If we look at any hurt, we can see a larger context in which the hurt happened. If we look at any perpetrator, we can discover a story that tells us something about what led up to that person causing harm. It doesn’t justify the person’s actions; it does provide some context. . . .
No one is born a liar or a rapist or a terrorist. No one is born full of hatred. No one is born full of violence. No one is born in any less glory or goodness than you or I. But on any given day, in any given situation, in any painful life experience, this glory and goodness can be forgotten, obscured, or lost. We can easily be hurt and broken, and it is good to remember that we can just as easily be the ones who have done the hurting and the breaking.
We are all members of the same human family. . . .
In seeing the many ways we are similar and how our lives are inextricably linked, we can find empathy and compassion.
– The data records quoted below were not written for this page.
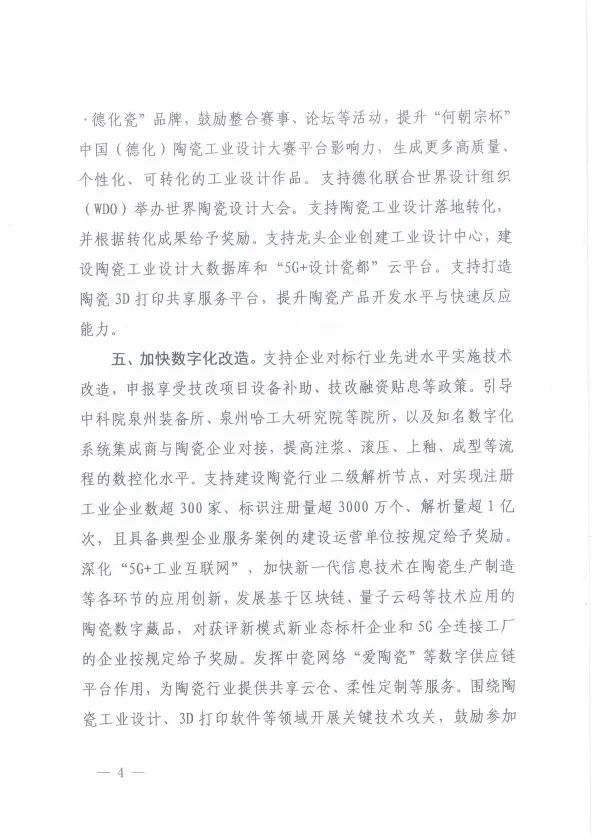 发挥国家陶瓷行业工业设计研究院作用,为陶瓷企业提供专业化、精细化工业设计等公共服务,帮助引进全球具有竞争力的人才、品牌、作品。聚焦打响“·德化瓷”品牌,鼓励整合赛事、论坛等活动,提升“何朝宗杯”中国(德化)陶瓷工业设计大赛平台影响力,生成更多高质量、个性化、可转化的工业设计作品。支持德化联合世界设计组织(WDO)举办世界陶瓷设计大会。支持陶瓷工业设计落地转化,并根据转化成果给予奖励。支持龙头企业创建工业设计中心,建设陶瓷工业设计大数据库和“5G+设计瓷都”云平台。支持打造陶瓷3D打印共享服务平台,提升陶瓷产品开发水平与快速反应能力。
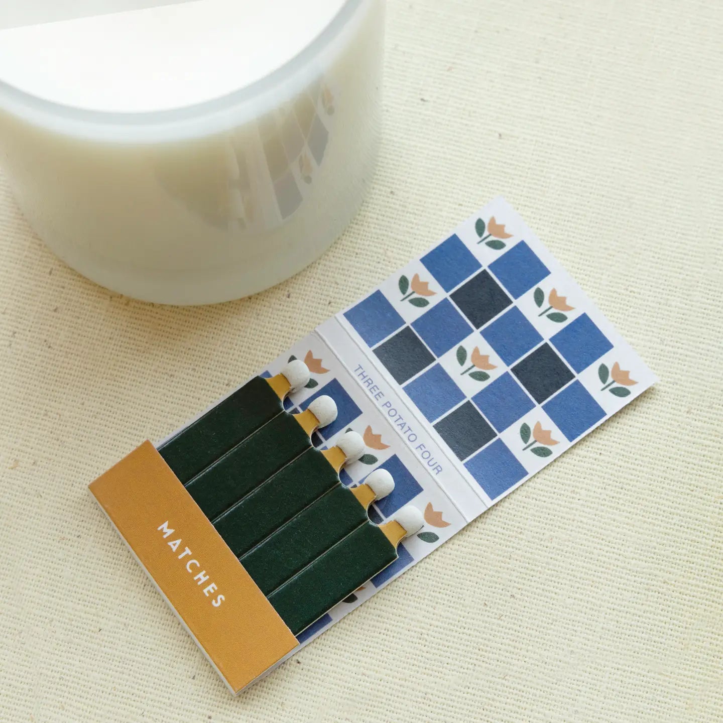 A handy little matchbook with 10 double-sided matchsticks and a printed cover. Good-looking enough to leave out. Handy enough to keep one in every room. Designed to feel a little familiar—a small nod to vintage collectible matchbooks that your grandparents used to collect.
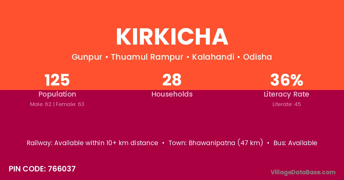 Bhawanipatna (47 km) is the nearest town to Kirkicha village for major economic activities and is located approximately 47 km away.
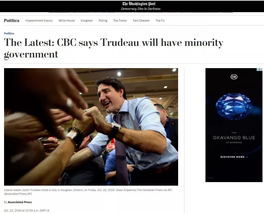 不过,CBC预计,特鲁多领导的自由党不会赢得议会的多数席位,需依靠其他政党组建政府。
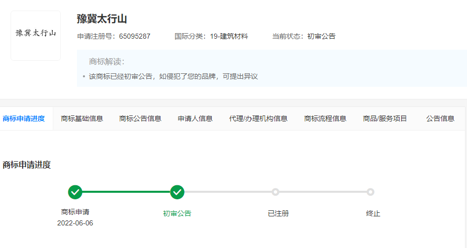 據市場反饋,來自河南安陽區域的兩個品牌在邯鄲武安流通市場也有出現。“豫冀太行山”品牌,申請人為河南省安陽縣益民水泥廠,目前狀態為初審公告階段。
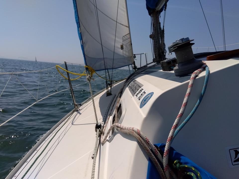 西風が安定していたので、クローズで、渥美半島にある姫島の方を目指しました。基本ヘルムは明日香ちゃんが担当しました。最初はティラーが重たいと言っていましたが、トラベラーを落として、バックステイを引くことで、随分と快適な操船になったようです。3月には山田さんが艇のメンテナンスを細部にまでしてくださっており、とても滑りが良く、安定して、5ノット程で、走っていました。
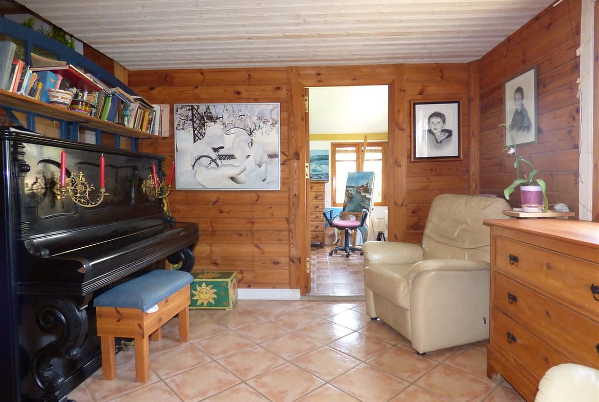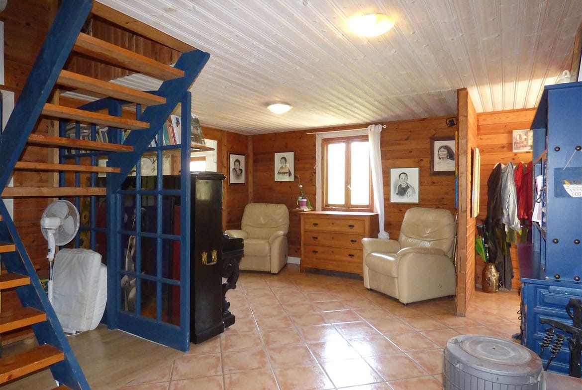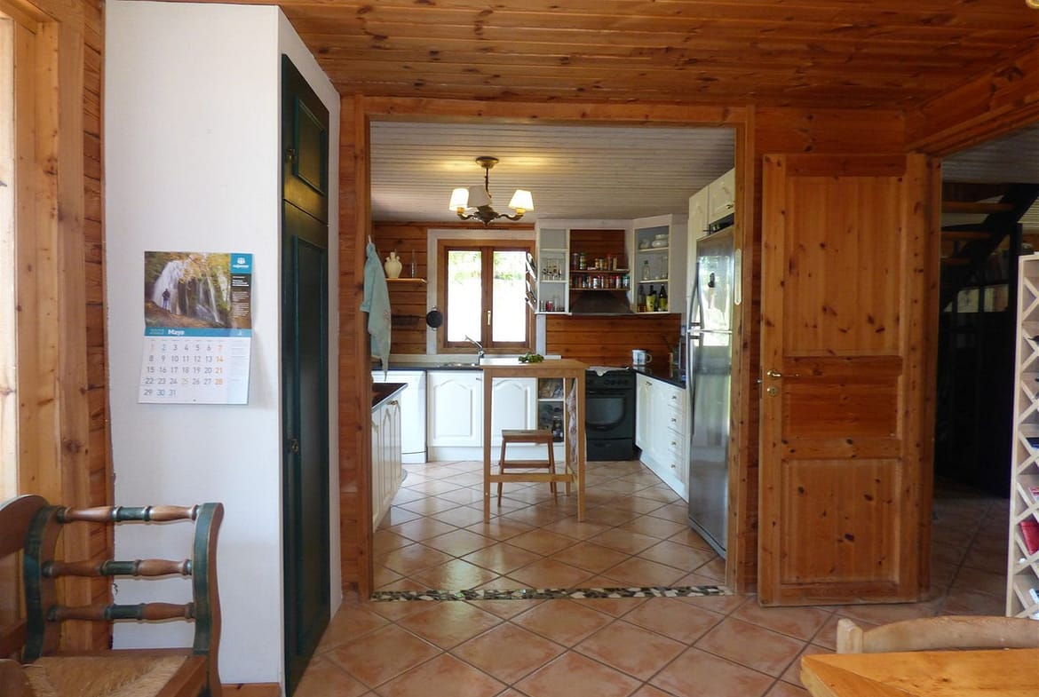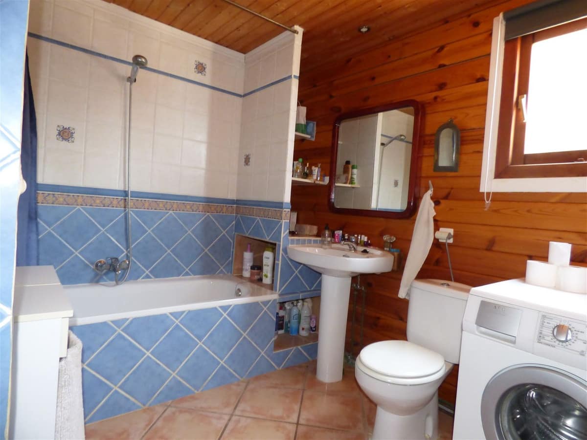 The basement has its own apartment with its own access as it is rented out sometimes. It has 2 bedrooms, fitted kitchen, bathroom, living area with a chimney and access to a nice covered porch. From there you can walk down to view the plot on path ways as the plot is large and terraced.
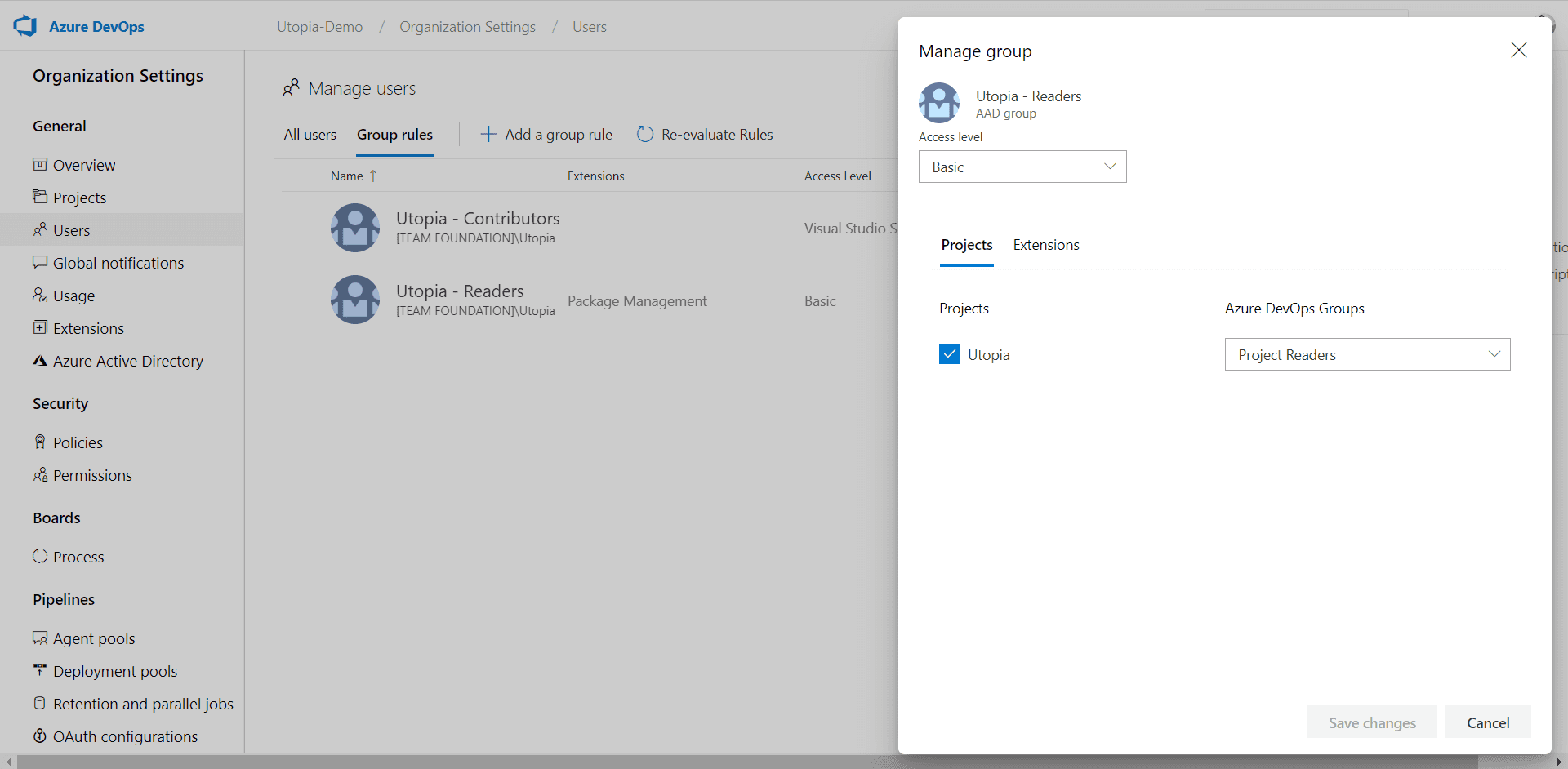 In Azure DevOps I’ve used group rules to import the users from the two AAD groups, assign an Access level and add them to a team project.
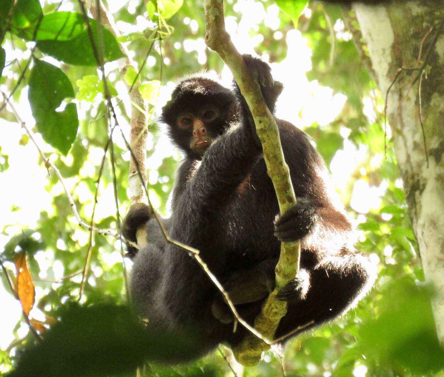 El mono araña negro (Ateles chamek) está clasificado como Vulnerable en la Lista Roja de la UICN debido al declive de su población, provocado principalmente por la pérdida y fragmentación de su hábitat, la caza y el comercio ilegal de mascotas. La deforestación para la agricultura, la tala y el desarrollo de infraestructuras reducen significativamente el hábitat disponible para estos primates arborícolas, mientras que las presiones de la caza aumentan su riesgo.

In finding empathy and compassion, we are able to move in the direction of forgiving….
We are, every one of us, so very flawed and so very fragile. I know that, were I born a member of the white ruling class at that time in South Africa’s past, I might easily have treated someone with the same dismissive disdain with which I was treated. I know, given the same pressures and circumstances, I am capable of the same monstrous acts as any other human on this achingly beautiful planet. It is this knowledge of my own frailty that helps me find my compassion, my empathy, my similarity, and my forgiveness for the frailty and cruelty of others.
Desmond Tutu and Mpho A. Tutu, The Book of Forgiving: The Fourfold Path for Healing Ourselves and Our World, ed. Douglas C. Abrams (San Francisco: HarperOne, 2014), 125, 126, 127. As shared in the September 12, 2022 Daily Meditation from The Center for Action and Contemplation (cac.org).